The cement block once parish hall --now church building has a wood stove and electric lights.... So, in the extreme weather, we can bring the temperature up inside the building to about 40 degrees. If we are lucky, and if you stand by the stove. Somebody goes down the night before, builds a fire, comes back and re-stokes it for the night, and then again early in the morning. I take some portable propane heaters and set them up in the opposite corner of the room from the wood stove --behind the altar. I wear my good-to-twenty-below-boots so I don't freeze. I usually put my stole over my winter jacket and do much of the service with my gloves on.

And I love it. The children love to sing, and always have a song for us. The little ones run and jump during the service, and remind me what it important, and to do that and only that. The elders are patient and thankful --their life time of losses either discarded because they are too tired to carry them, or evident in their shoulders --burdens of love.

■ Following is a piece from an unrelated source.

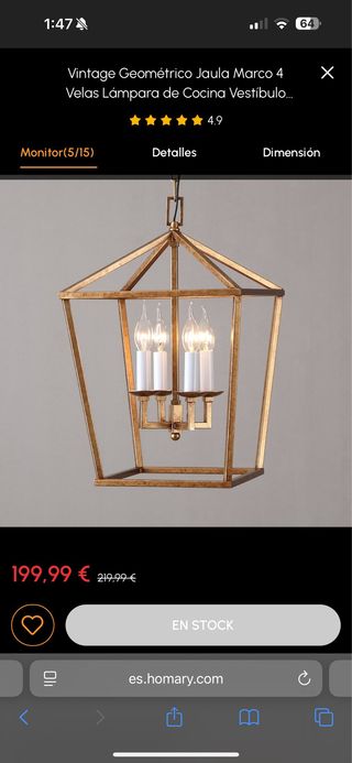 Elegante lámpara colgante con un diseño geométrico y acabado dorado. La vendo porque no combina con mi salón. - Estilo vintage. - Marco metálico. - Detalles de cristal. - bombillas de vela

There is never any confusion about eating the Bread of Life --hand after hand after hand arrayed in eagerness --laughter and encouragement when a child wants more.

I always come face to face with the risen Christ when I am in Cherry Creek. Always.

At prayer this morning (beginning at Mark 9:2)
Six days later, Jesus took with him Peter and James and John, and led them up a high mountain apart, by themselves. And he was transfigured before them, and his clothes became dazzling white, such as no one on earth could bleach them. And there appeared to them Elijah with Moses, who were talking with Jesus.

Then Peter said to Jesus, “Rabbi, it is good for us to be here; let us make three dwellings, one for you, one for Moses, and one for Elijah.” He did not know what to say, for they were terrified.

Then a cloud overshadowed them, and from the cloud there came a voice, “This is my Son, the Beloved; listen to him!” Suddenly when they looked around, they saw no one with them any more, but only Jesus.
He did not know what to say, for they were terrified.... I resemble that remark. More often than I care to count here. But, I have the --I don't know what to call it --faith (?) to know that every where I look, there is "only Jesus." Only. Jesus. In the wildness, in the horses, in the children, in the ghosts, in the coyotes --and given the chance and a little patience, probably in the FBI agents as well...

And, God willing, in the snow and wind.

Amen.

3 comments:

Grandmère Mimi said...

they saw no one with them any more, but only Jesus.

Now that's the way to see. How I wish I always saw that way. It's easy to forget.

Lovely post, margaret, weather and all. I hope the snow that's needed so much comes soon.

it's margaret said...

Only Jesus, Grandmere --I would say you are one that CAN do that... and it is easy to forget.

I love this reading... and we do it this Sunday too!

Anonymous said...

I love reading your words Margaret. It keeps me close to the reservation. You are such a blessing for the people.